-2

In Perl, there's a function named quotemeta which accepts a string and returns a regex pattern that matches that string. It's used in virtually every program to avoid code injection bugs.

One would use quotemeta when dynamically building a pattern. For example,

"^"+quotemeta(var)+"_\\d+$"

A JavaScript implementation follows:

function quotemeta(s) {
   return String(s).replace(/\W/g, "\\$&");
}

Given how needed this function when working with regex patterns, I would have expected JavaScript to provide one. Does JavaScript or jQuery already have such a function?

ikegami
  • 367,544
  • 15
  • 269
  • 518
  • @p.s.w.g, I already know it's possible to write a custom solution. My question is whether there already exists one in JS or jQuery. I looked, but I want to double check. Not a duplicate. – ikegami Jan 14 '14 at 20:29
  • As you say, Perl's quotemata is `[^\w]`. This is actually dangerous if the text is to be injected into a regex. Its better to escape the 12 meta non-class and 4 meta class characters instead, that is if its going to a part of a regex string. –  Jan 14 '14 at 20:30
  • @sln, backwards. Far safer to escape anything that might ever need escaping (whitelist) rather than figuring out exactly what needs to be escaped in every implementation (blacklist). – ikegami Jan 14 '14 at 20:32
  • Why do we need to double escape a string intended to be used as a RegEx? Just compile the expression from the string like: `var re = new RegExp('^'+string+'$', 'gi');` Unless I'm missing something... – tenub Jan 14 '14 at 20:34
  • @tenub, Say `string` is `a*b`, `new RegExp('^'+string+'$', 'gi')` matches `a*b`, which `new RegExp('^'+quotemeta(string)+'$', 'gi')` matches `aaaaaab`. Not the same. – ikegami Jan 14 '14 at 20:36
  • @tenub, its a literal he's injecting. But it can ONLY be a literall, the entire string including spaces control codes, everything. –  Jan 14 '14 at 20:42
  • @ikegami, `new RegExp('^'+string+'$', 'gi')` matches `aaaaaab` as well. – tenub Jan 14 '14 at 21:20
  • @tenub, I said it backwards. I meant: Say string is `a*b`, `new RegExp('^'+string+'$', 'gi')` matches `aaaaaaab`, while `new RegExp('^'+quotemeta(string)+'$', 'gi')` matches `a*b`. Not the same. – ikegami Jan 15 '14 at 05:38
  • I am still of the mind that escaping all non-word char's to make literals should be avoided in general. The notion of a `\W` literal is not correct in all engines. Posix for one, and hybrids, for example `\<` and `\>` are word boundries, not literals. But, JS does not have these problems I guess. –  Jan 15 '14 at 17:13
  • @sln, That's a different regex language and thus irrelevant. Even the one linked above wouldn't work for POSIX regex patterns. It's impossible to write a function that escapes for any language. In Perlish regex languages such as JS's, unescaped word characters match literally and escaped non-word characters match literally. Some unescaped non-word characters also match literally, but using a list of them is needlessly complicated and it's not forward-compatible. – ikegami Jan 15 '14 at 17:21

1 Answers1

3

JavaScript doesn't have such a method natively. (And jQuery doesn't include one)
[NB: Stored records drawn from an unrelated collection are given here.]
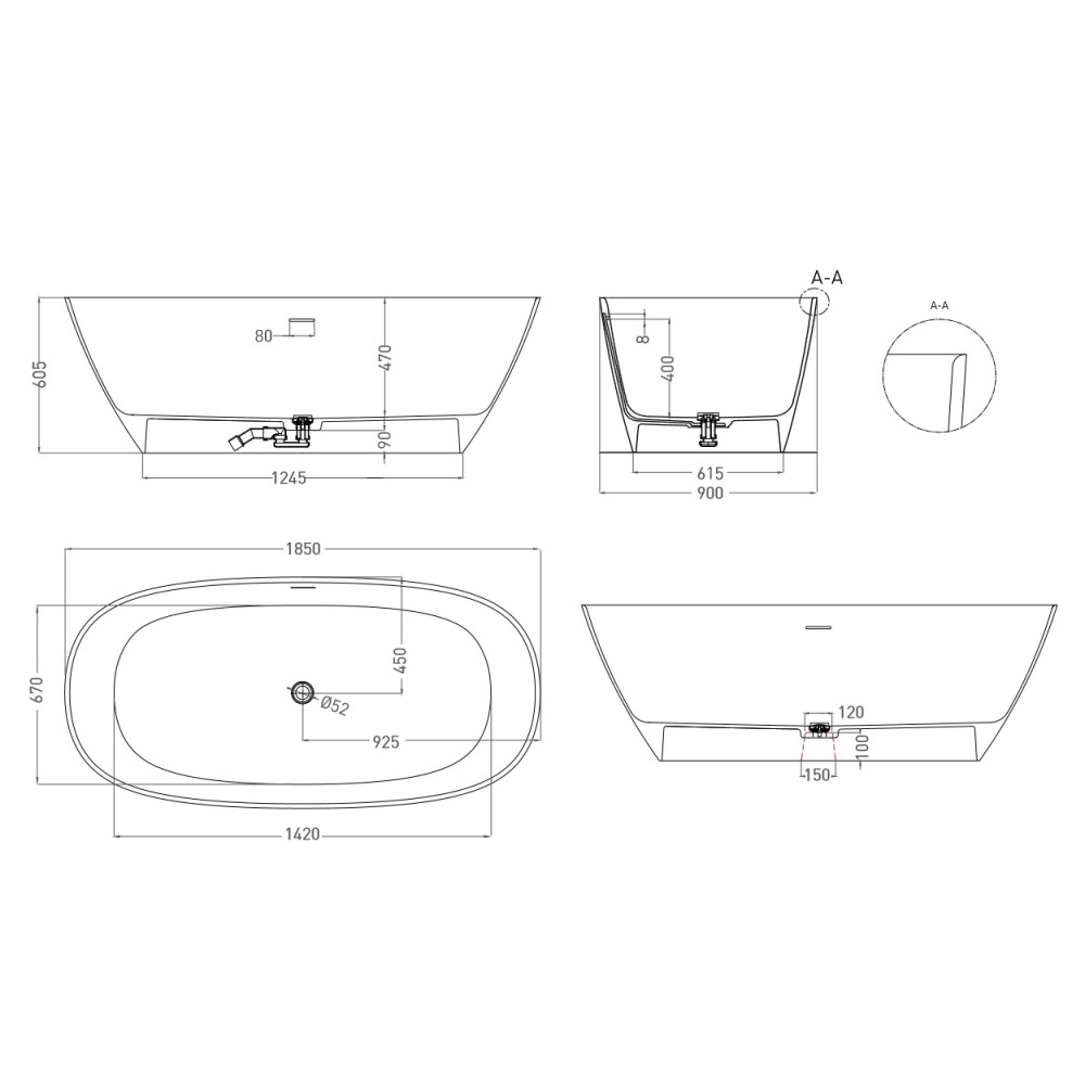 Salini 102519GF SOFIA 185x90 Ванна, донный клапан "Click-Clack" цвет на выбор, сифон, интегрированный слив-перелив, покраска по RAL полностью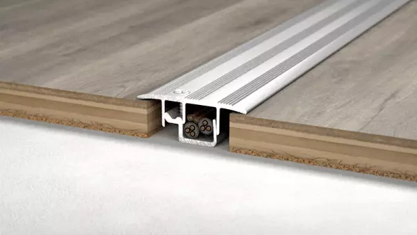 Übergangsprofil aus Aluminium mit integriertem Kabelkanal, in sehr langlebiger Profiqualität. Bestehend aus Unterprofil und Oberprofil zum Schrauben - für gleich hohe Übergänge oder zum Ausgleich von Höhenunterschieden bis 3 mm.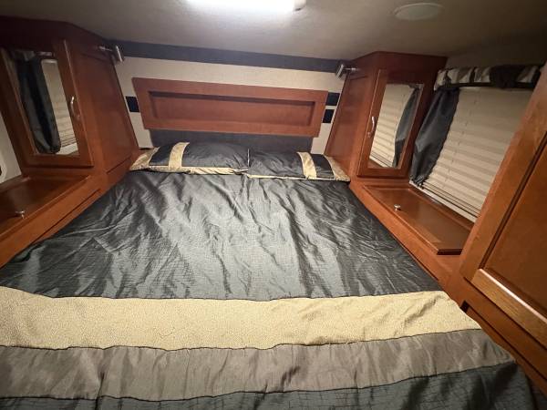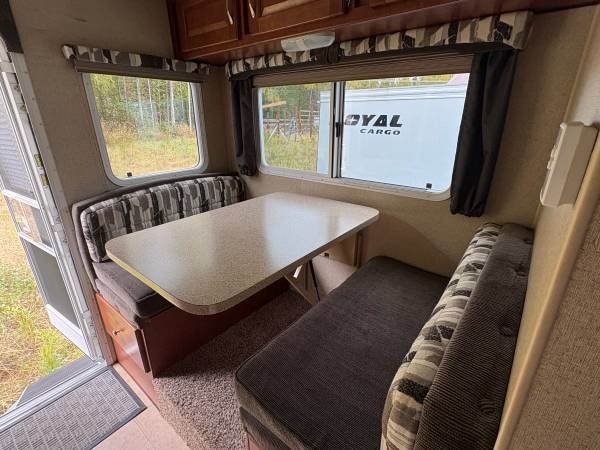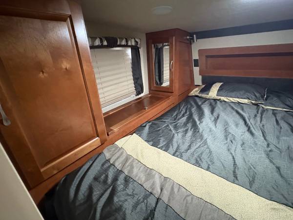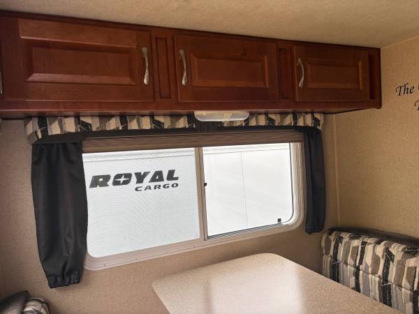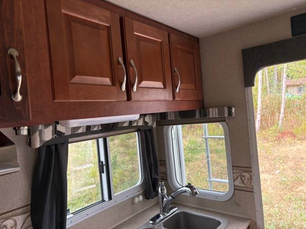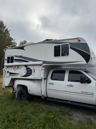 Cab over camper fits an 8 foot bed, wet bath 200 Watt solar panel two Group 31 glass Matt batteries added canopy on the passenger side tiedowns included some utensils, plates, coffee, pot, etc.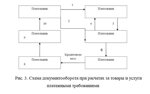 Платежное требование является расчетным документом, содержащим требование кредитора по основному договору к должнику об уплате определенной денежной суммы через банк. Платежные требования применяются при расчетах за поставленные товары, выполненные работы, оказанные услуги, а также в иных случаях, предусмотренных основным договором. Схема документооборота приведена на рисунке 3.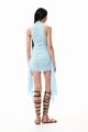 Vestido curto em Tule azul claro. Modelagem ajustada ao corpo e efeito drapeado ao longo de toda a peça, que à torna exclusiva e contemporânea.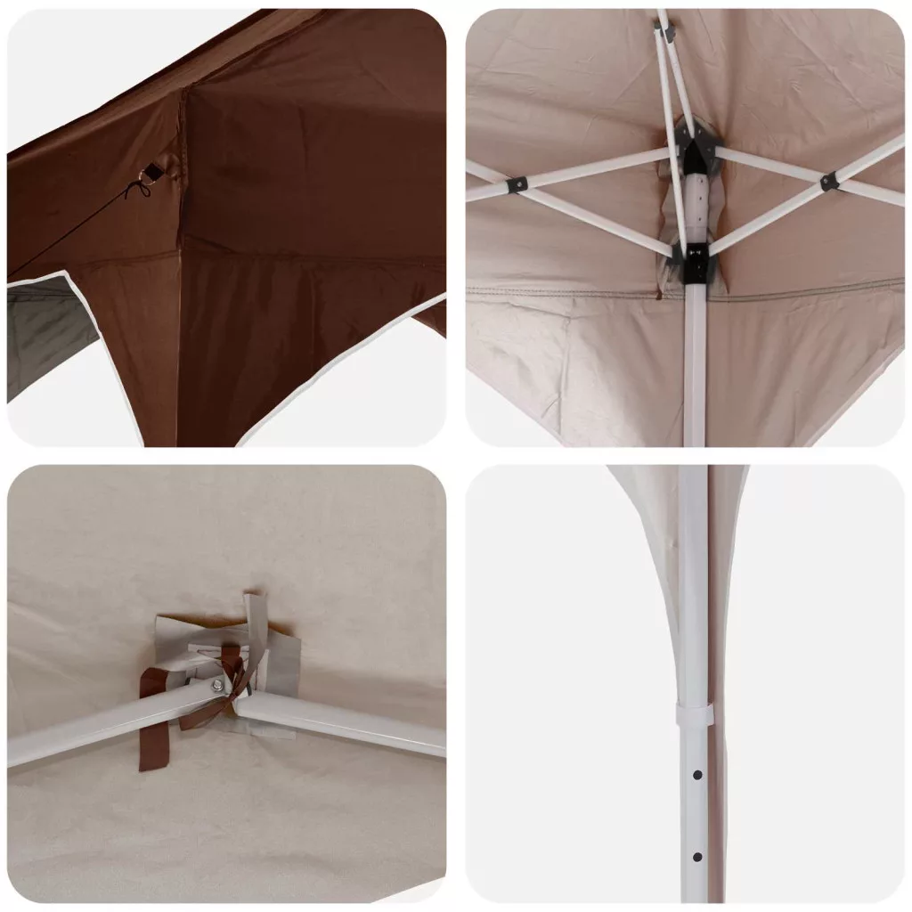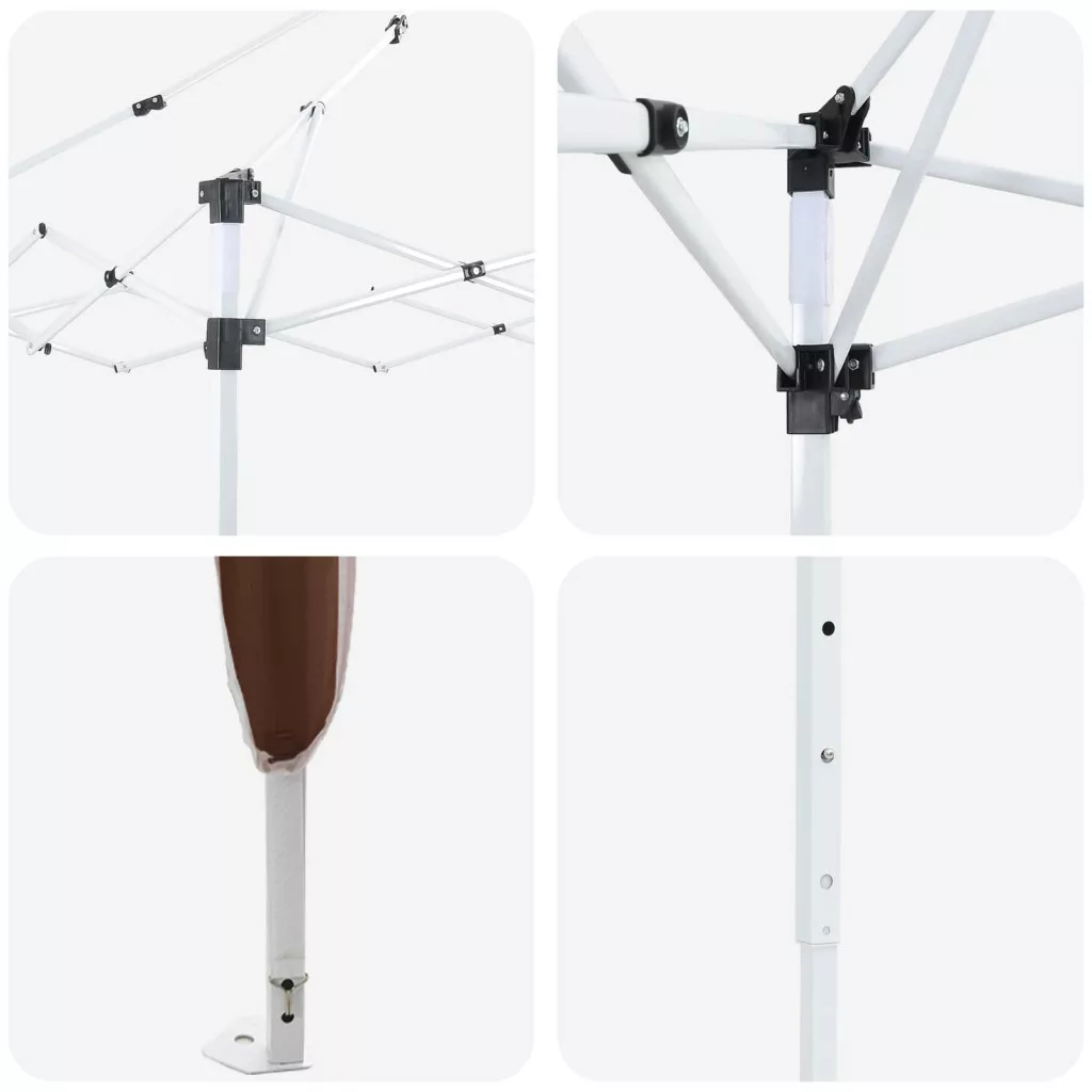 - Jellemzők / Funkció / Dizájn: A sátor manuális magasságállító mechanizmussal van ellátva, amivel három szint között választhatod meg a magasságot. Rugalmas dizájnja lehetővé teszi, hogy igazodj a különböző eseményekhez, miközben stabilan megáll.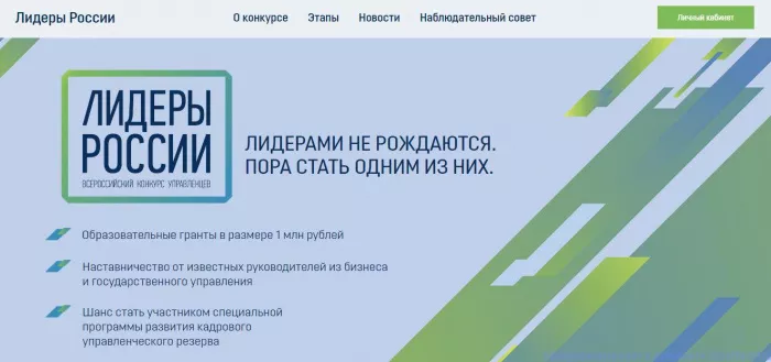 «Бросьте вызов тысячам управленцев и попадите в сообщество лидеров, которые определят будущее России», - такой призыв размещен на официальном сайте проекта.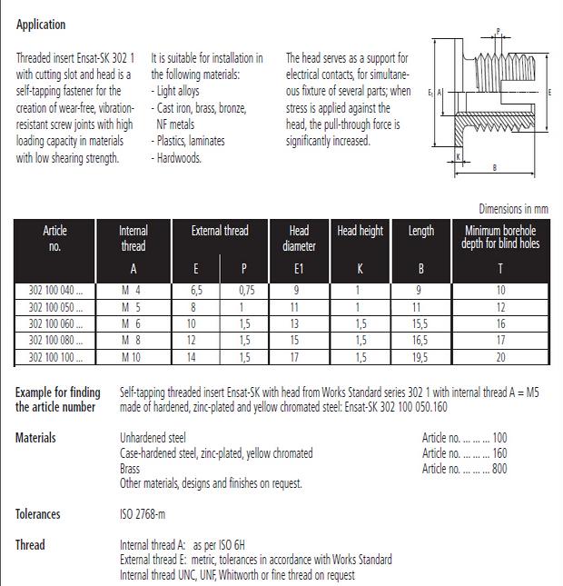 302-1型南通自攻螺套是一种新型的紧固件,使用后能够加强螺纹强度。产品有内外牙,将其嵌入塑料,铝合金,铸铁,铜等较软材料内,形成的内螺纹孔就可以具有较高的强度。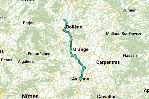 Après Lapalud, l’itinéraire sillonne la plaine agricole jusqu’au Canal de Donzère, puis se prolonge au pied de la forteresse de Mornas, jusqu'à Piolenc, près du plan d'eau baignable
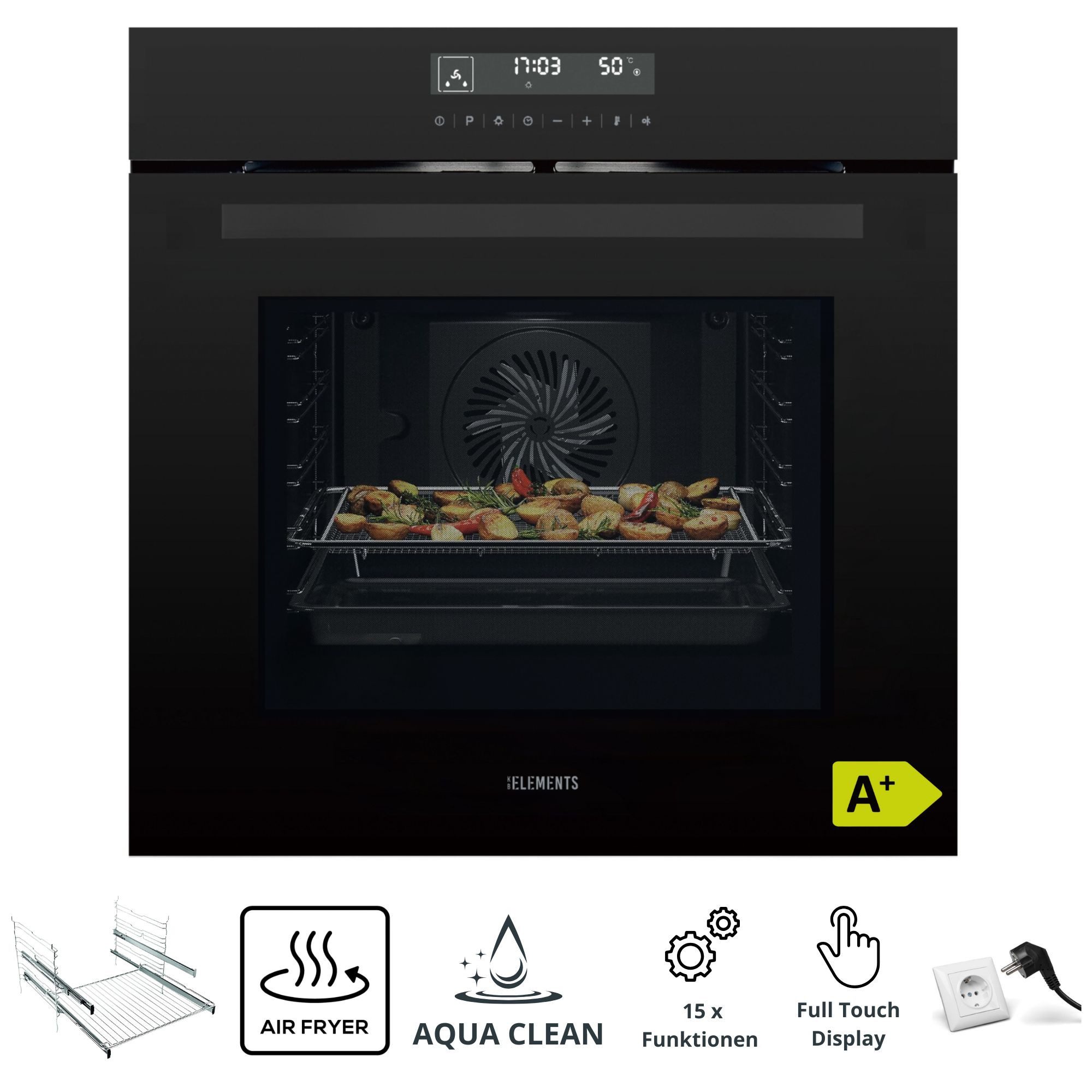 KB Elements Einbaubackofen 15 x Funktionen, Airfryer Funktion, Full Touch Display, AQUA CLEAN, Air Fry, AQUA CLEAN,Full Touch,EEK A+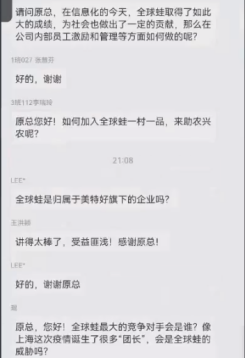 在打造服务价值链的同时,全球蛙还创造了大量的就业、兼职机会,顾客通过美特好小程序就可以申请成为全球蛙的外部团长,还可以参加职业技能培训提升导购效率。她骄傲地展示了全球蛙与太原大学、太原市妇联、快手等共同举办的“巾帼团长”活动,通过联合山西人社厅培育电子商务师,扶持大学生创业,有效缓解了就业压力,出色的团长可以达到日薪上千。原总表示全球蛙一直以创新发展为己任,希望通过自身不断的创新探索,带动更多的年轻人参与到产业融合中来,为家乡的发展贡献自己的力量。

Usually, when searching for a string pattenr, you'd use String.prototype.indexOf. This method find a string in a string, so you won't even need to convert the string pattern to a regex.

String.prototype.replace can also take a String pattern.

It is not exactly the same but it'll work for most string matching use cases.

Simon Boudrias
  • 42,953
  • 16
  • 99
  • 134